You can just move node_modules into a / folder.
How it works
FROM node:0.12
WORKDIR /worker
COPY package.json /worker/
RUN npm install \
&& mv node_modules /node_modules
COPY . /worker/
You can try something like this in your Dockerfile:
FROM node:0.12
WORKDIR /worker
CMD bash ./start.sh
Then you should use the Volume like this:
volumes:
- worker/:/worker:rw
The startscript should be a part of your worker repository and looks like this:
#!/bin/sh
npm install
npm start
So the node_modules are a part of your worker volume and gets synchronized and the npm scripts are executed when everything is up.

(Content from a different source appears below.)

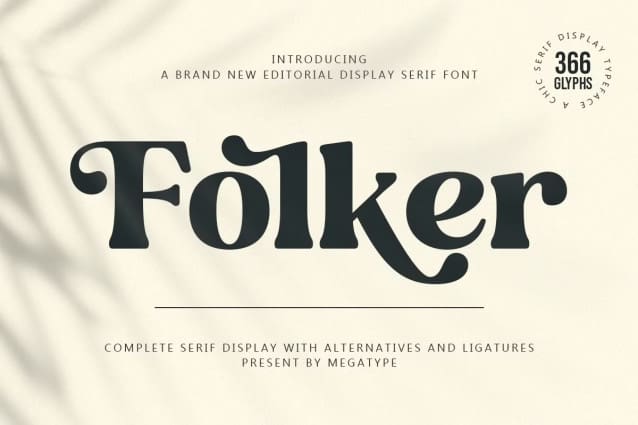 Folker Serif Font is a brand new editorial display serif font. With a modern, classy, fun, unique and versatile style. It looks amazing at display size and is easy to read in text size. This font also has lots of unique alternatives and binders that will make for stunning design projects.

If you want the node_modules folder available to the host during development, you could install the dependencies when you start the container instead of during build-time. I do this to get syntax highlighting working in my editor.
Dockerfile
# We're using a multi-stage build so that we can install dependencies during build-time only for production.
# dev-stage
FROM node:14-alpine AS dev-stage
WORKDIR /usr/src/app
COPY package.json ./
COPY . .
# `yarn install` will run every time we start the container. We're using yarn because it's much faster than npm when there's nothing new to install
CMD ["sh", "-c", "yarn install && yarn run start"]
# production-stage
FROM node:14-alpine AS production-stage
WORKDIR /usr/src/app
COPY package.json ./
RUN yarn install
COPY . .
.dockerignore
Add node_modules to .dockerignore to prevent it from being copied when the Dockerfile runs COPY . .. We use volumes to bring in node_modules.
**/node_modules
docker-compose.yml
node_app:
container_name: node_app
build:
context: ./node_app
target: dev-stage # `production-stage` for production
volumes:
# For development:
# If node_modules already exists on the host, they will be copied
# into the container here. Since `yarn install` runs after the
# container starts, this volume won't override the node_modules.
- ./node_app:/usr/src/app
# For production:
#
- ./node_app:/usr/src/app
- /usr/src/app/node_modules
I tried the most popular answers on this page but ran into an issue: the node_modules directory in my Docker instance would get cached in the the named or unnamed mount point, and later would overwrite the node_modules directory that was built as part of the Docker build process. Thus, new modules I added to package.json would not show up in the Docker instance.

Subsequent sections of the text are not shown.